Fashion

These New Louboutin Ads Are Horrifying

by Erin Mayer

What sells? Sex? Violence? Images of severed limbs? Apparently, that third one does the trick, because the AW '14 Louboutin lookbook features disembodied legs in boxes wearing stilettos. And they are really disturbing.

The images are a clear reference to Guy Bourdin's eerie footwear campaigns for Charles Jourdin back in the 1960s. Those pictures, of legs walking without bodies and lifeless women still wearing stilettos, are more than advertisements — they are art. The commentary about a woman's role in society (and the dangers accompanying that role) are palpable. With the Louboutin ads, the same concept just comes across as gruesome. In the words of Kate Finnegan at The Telegraph:

The objectification of women in calendars has always made me feel uneasy but this is on another level. Amputated limbs in a gift box? You can artfully arrange the beautiful tissue paper as much as you like, Monsieur Louboutin, but if those legs and arms are meant to represent real human limbs then they must have been separated from the rest of their bodies by some pretty revolting act of mutilation.

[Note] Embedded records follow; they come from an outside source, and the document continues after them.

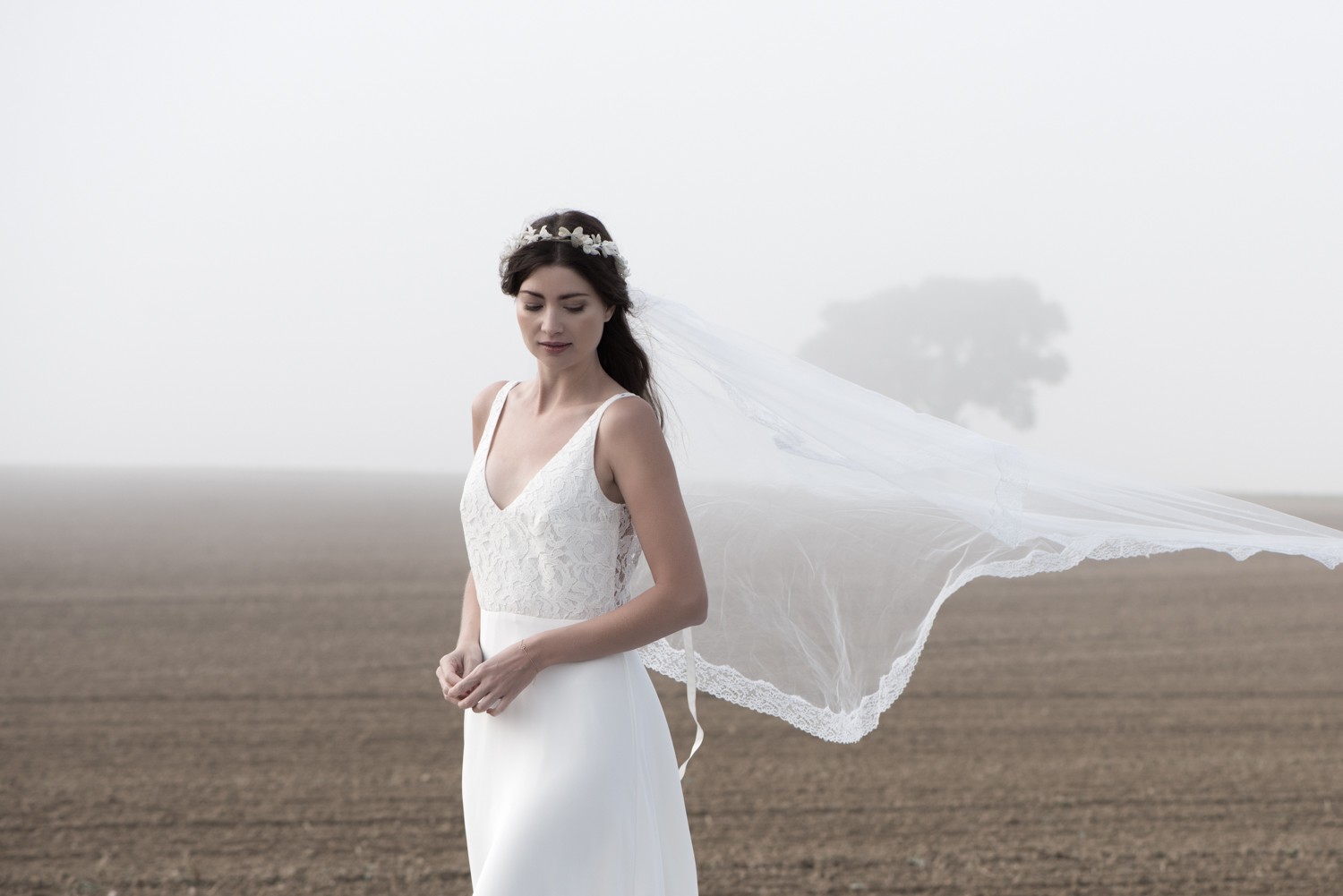 Tais porte le modèle Mylena en crêpe de soie et tulle plumetis neige.
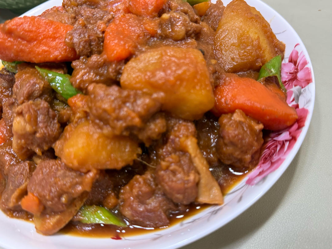 多放了一个土豆,二斤牛腩,两颗胡萝卜,搞得大米饭都吃光了。
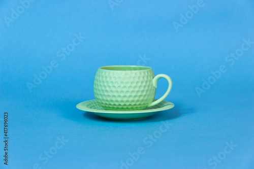 It's coffee time. green coffee cup on the table.blue background.
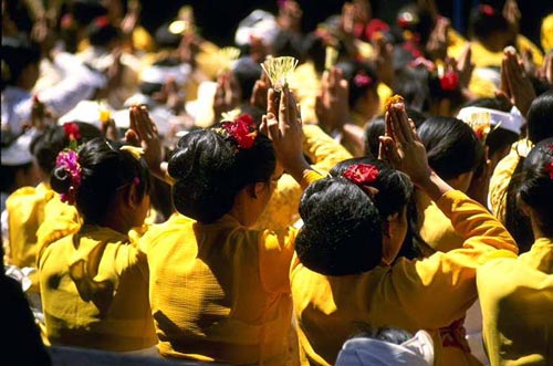 潔身儀式是在女孩子月經(jīng)初潮時(shí)舉行,是巴厘島女孩子一生中最為重要的儀式之一。少女在月經(jīng)初潮時(shí)都必須被幽禁在自己的臥室,房門前懸掛著鮮嫩的椰葉。任何男人和外人在此期間都不得進(jìn)入甚至靠近少女的臥室。貴族富人少女家,還要為她在村里敲響梆子,宣告姑娘已到花季,可以婚配了。
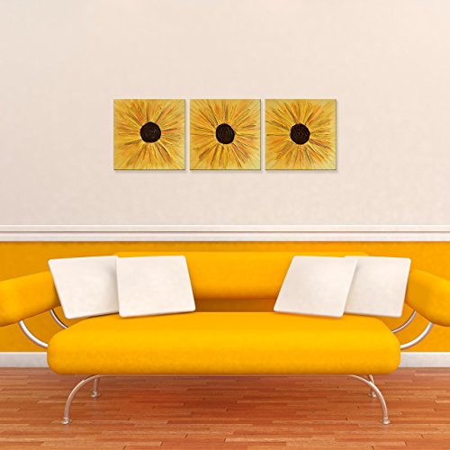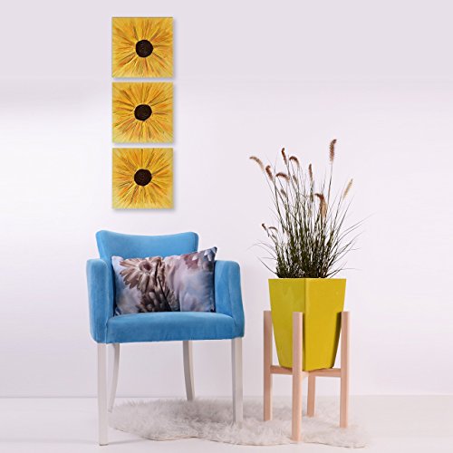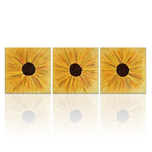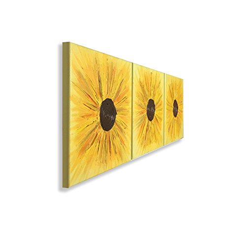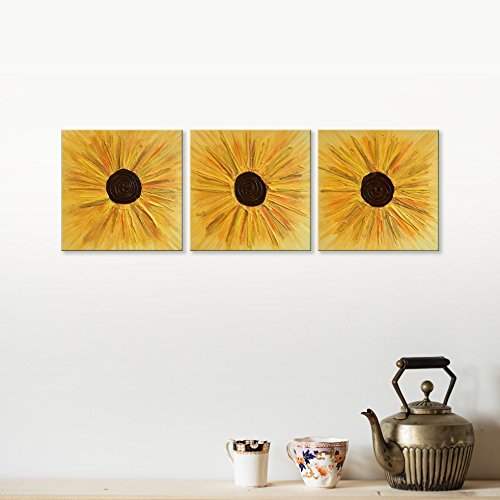These bright and fun sunflowers have a boho feel with a touch of Mexico. The stylized and unique heavy texture adds dimensional interest and flair. Each 10" x 10" canvas panel is hand crafted and painted on 1/2" stretched canvas with a wood frame. These come as a set of three for a total size of 30" x 10". Each canvas is sealed with a protective coating. Add some sunshine and whimsy to any space!
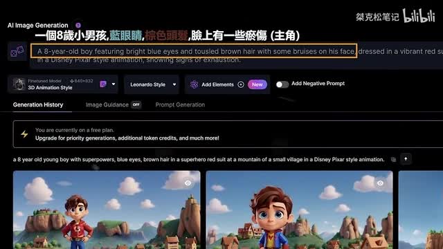 而不是我今天要做的是是。倪风格,所以我会选c d animation style。输入指令之前请记下这段公式,今天会用到很多次哦。图片主角主角状态包含姿势、服装内容、地点、风格。一个有超能力的八岁小男孩,蓝眼睛,棕色头发,穿着红色的超级英雄装,在一个山上的小村庄用迪士尼皮克斯风格动画呈现。数量可以自己决定确认for the real汉克米是取消选取的状态,你才不会生成一次就用掉十五到二十以上的点数哦,选一张你喜欢的。

These images are sinister, but they don't provide commentary. You get the sense that you are looking at a horrifying warning sent to you by a leg-obsessed serial killer. The legs are carefully arranged amongst decorative tissue paper, as if they are trying to send a very real, very not okay message that a woman is simply worth the sum of her parts.

I'm not sure what these photos are trying to accomplish, besides possibly an ode to Guy Bourdin. One thing I do know, however, is that I won't be running out to purchase any Louboutins from this collection lest I get my legs chopped off at the knee while wearing them.